= Beginning of Section =

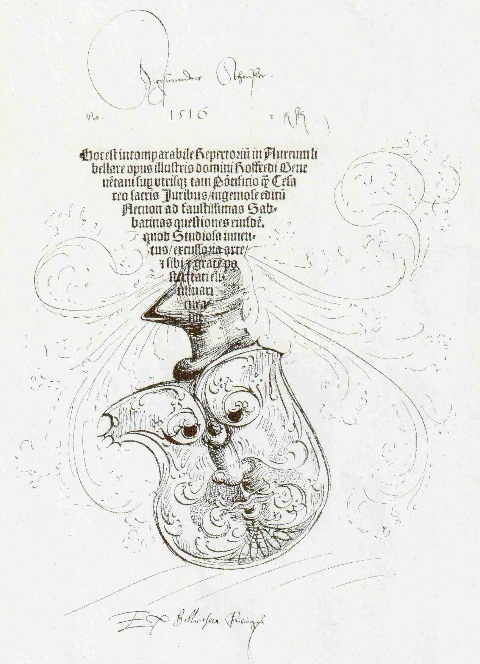 Namenseintrag und Federzeichnung Scheuflers. Quelle: Schottenloher, K.: Der Freisinger Domherr und Humanist Dr. Sigismund Scheufler (1475-1522). Ein Beitrag zur Geschichte der Freisinger Dombibliothek. In: Schlecht, J. (Hg.): Wissenschaftliche Festgabe zum zwölfhundertjährigen Jubiläum des heiligen Korbinian. Mit 29 Tafeln, 61 Textabbildungen und 1 Karte. München 1924, S. 376-402, Tafel 18.
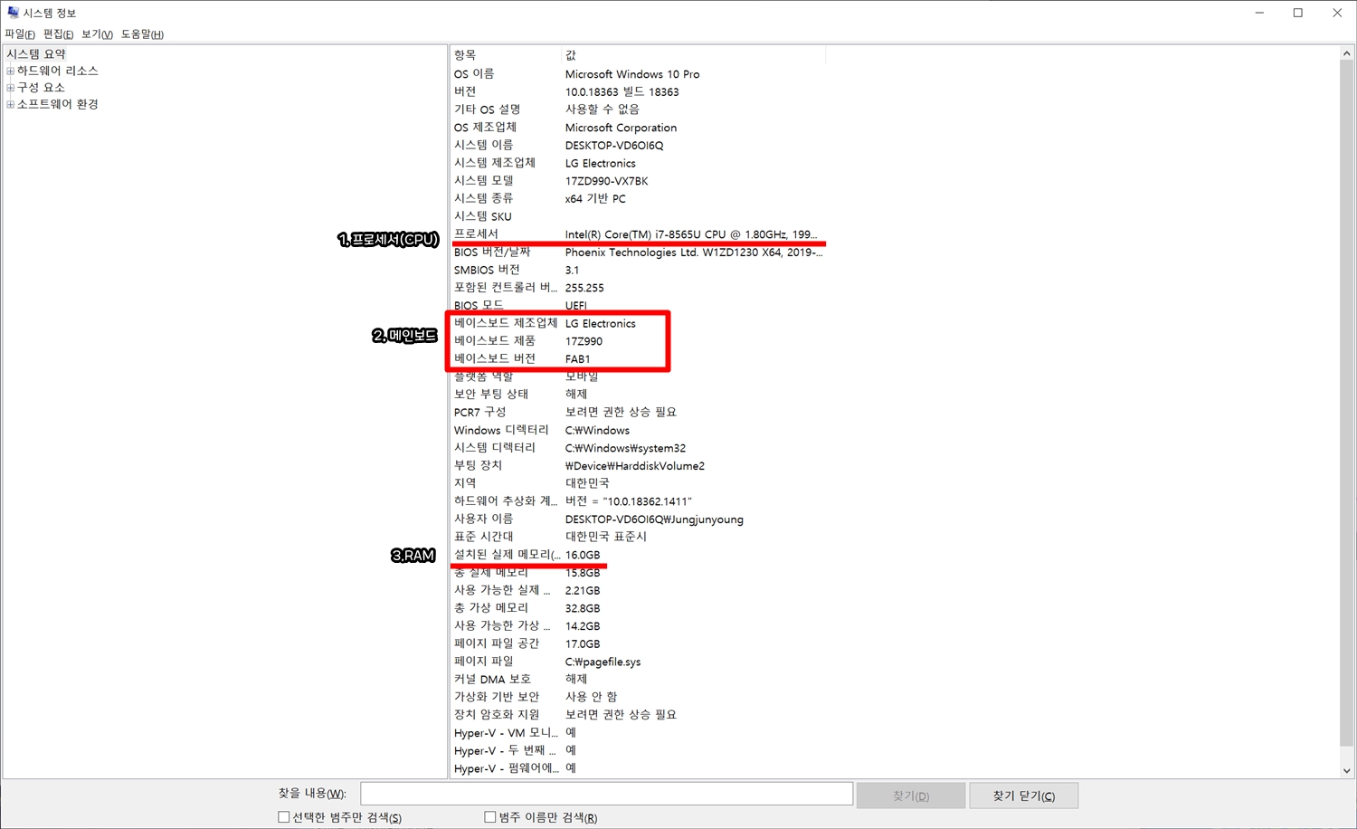 4. μμ€ν μμ½ νλ©΄μμ νλ‘μΈμ(CPU), λ©μΈλ³΄λ, RAMμ νλμ νμΈν μ μμ΅λλ€.
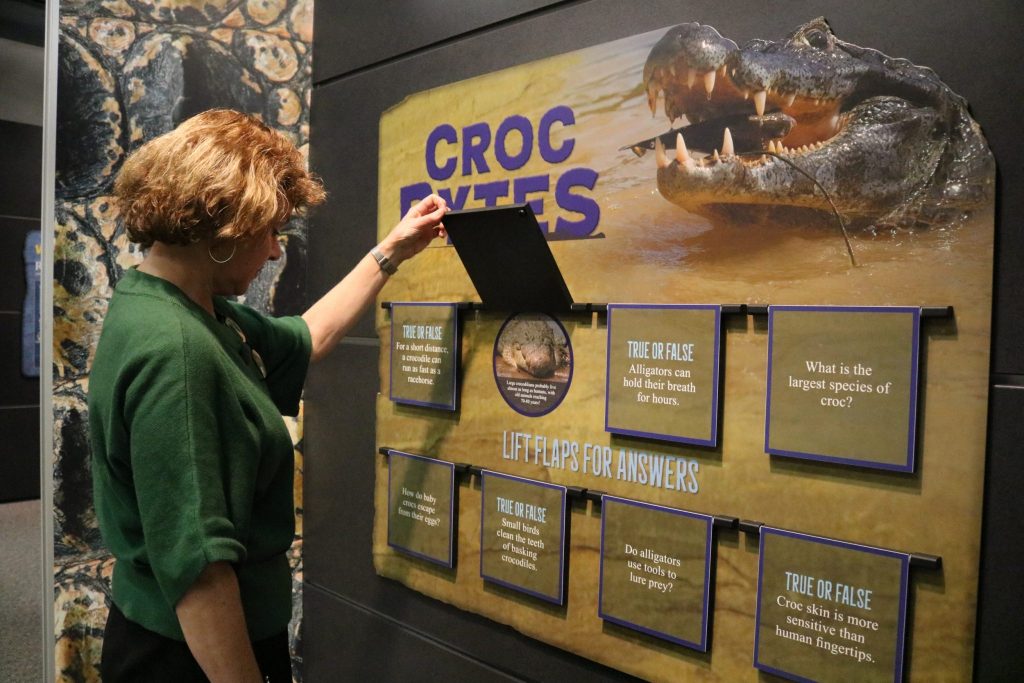 Informational panels quiz visitors on crocodilian facts and trivia in the “Crocs: Ancient Predators in a Modern World” exhibit, on display at the Florida Museum of Natural History in Gainesville May 18, 2019-Jan. 5, 2020. ©Photo courtesy of The Academy of Natural Sciences of Drexel University
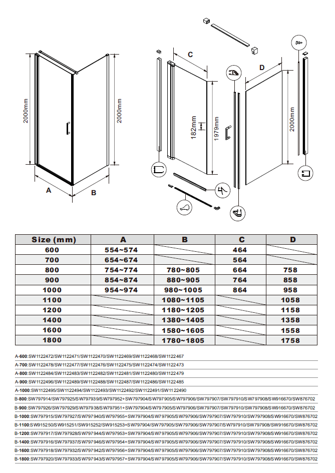 | Largeur minimale paroi porte de douche | 160.5 cm |
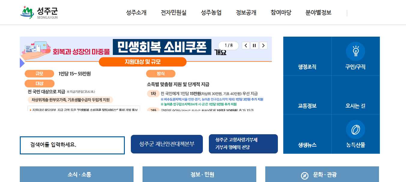 성주군청 홈페이지는 성주군의 행정 정보를 비롯해 민원 서비스, 복지 정책, 관광 안내 등 군민과 방문객 모두를 위한 종합 온라인 플랫폼입니다.
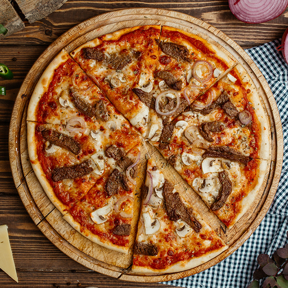 خمیر پیتزا آمریکایی، گوشت گوساله ریش ریش شده، قارچ، فلفل دلمه ای، سس مخصوص، پنیر پیتزا، پنیر پروسس، به همراه سس تک نفره
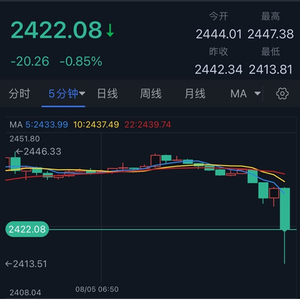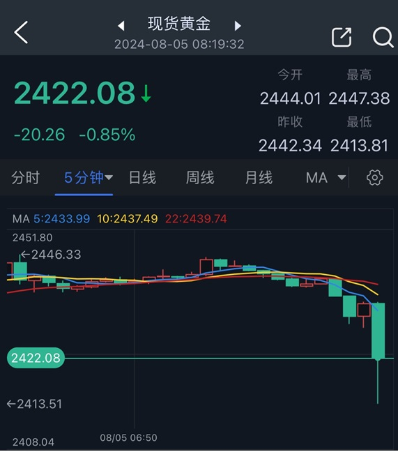 近期与股市走势一致的黄金也出现重挫。现货黄金周一亚市早盘短线大幅下挫,目前位于2422美元/盎司附近,日内大跌逾20美元。
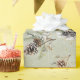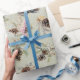 A Rustic Christmas Designed Wrapping Paper With Pinecones, Snow globes, And Candles On A Pastel Green
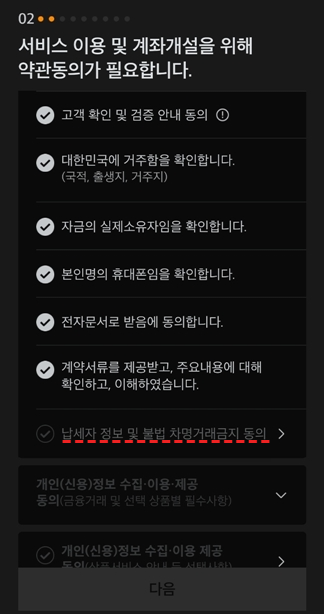 6. 약관 중, '납세자 정보 및 불법 차명거래금지 동의' 부분에서는 아래와 같이 선택해 줍니다. 이어서 이어지는 다른 약관도 확인 후 동의해 줍니다.
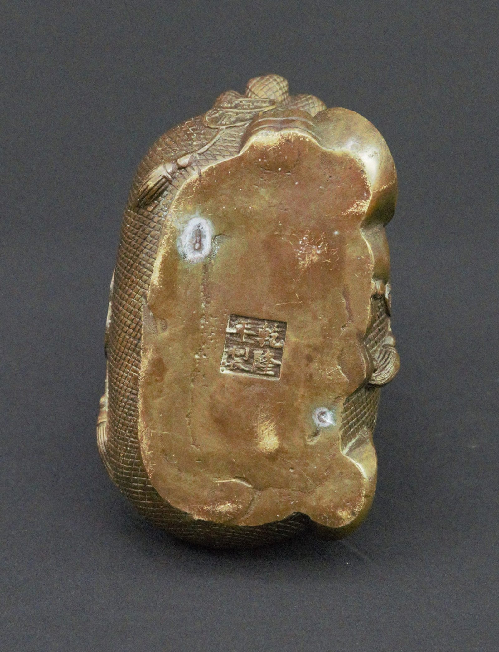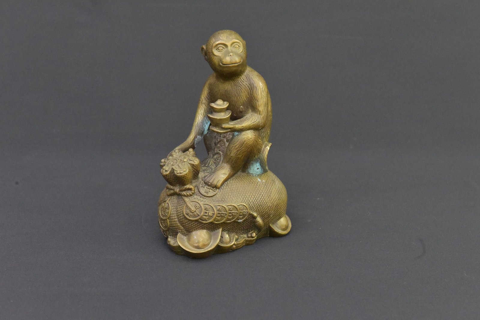 This exquisite copper sculpture features a monkey, believed to be from the Qianlong era, crafted with intricate detail and symbolism. The monkey is shown holding a golden yuanbao ingot and Chinese coins, seated gracefully atop a money sack, symbolizing wealth and good fortune. The piece is made of high-quality copper and displays classic Chinese design elements that reflect prosperity, making it a perfect addition to any collection or display.
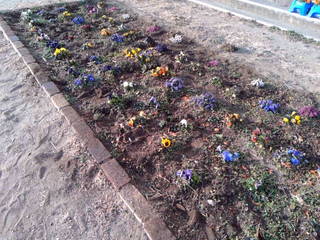 前庭花壇の雑草取りをしてきれいな花壇に変身させてくれました。

= End of Section =

WHAT YOU HAVE TO DO: Please quote exactly the run of lines that starts the entries and ends at the line containing "4. μμ€ν μμ½", leaving out every picture.

RESPONSE:
 Namenseintrag und Federzeichnung Scheuflers. Quelle: Schottenloher, K.: Der Freisinger Domherr und Humanist Dr. Sigismund Scheufler (1475-1522). Ein Beitrag zur Geschichte der Freisinger Dombibliothek. In: Schlecht, J. (Hg.): Wissenschaftliche Festgabe zum zwölfhundertjährigen Jubiläum des heiligen Korbinian. Mit 29 Tafeln, 61 Textabbildungen und 1 Karte. München 1924, S. 376-402, Tafel 18.
 4. μμ€ν μμ½ νλ©΄μμ νλ‘μΈμ(CPU), λ©μΈλ³΄λ, RAMμ νλμ νμΈν μ μμ΅λλ€.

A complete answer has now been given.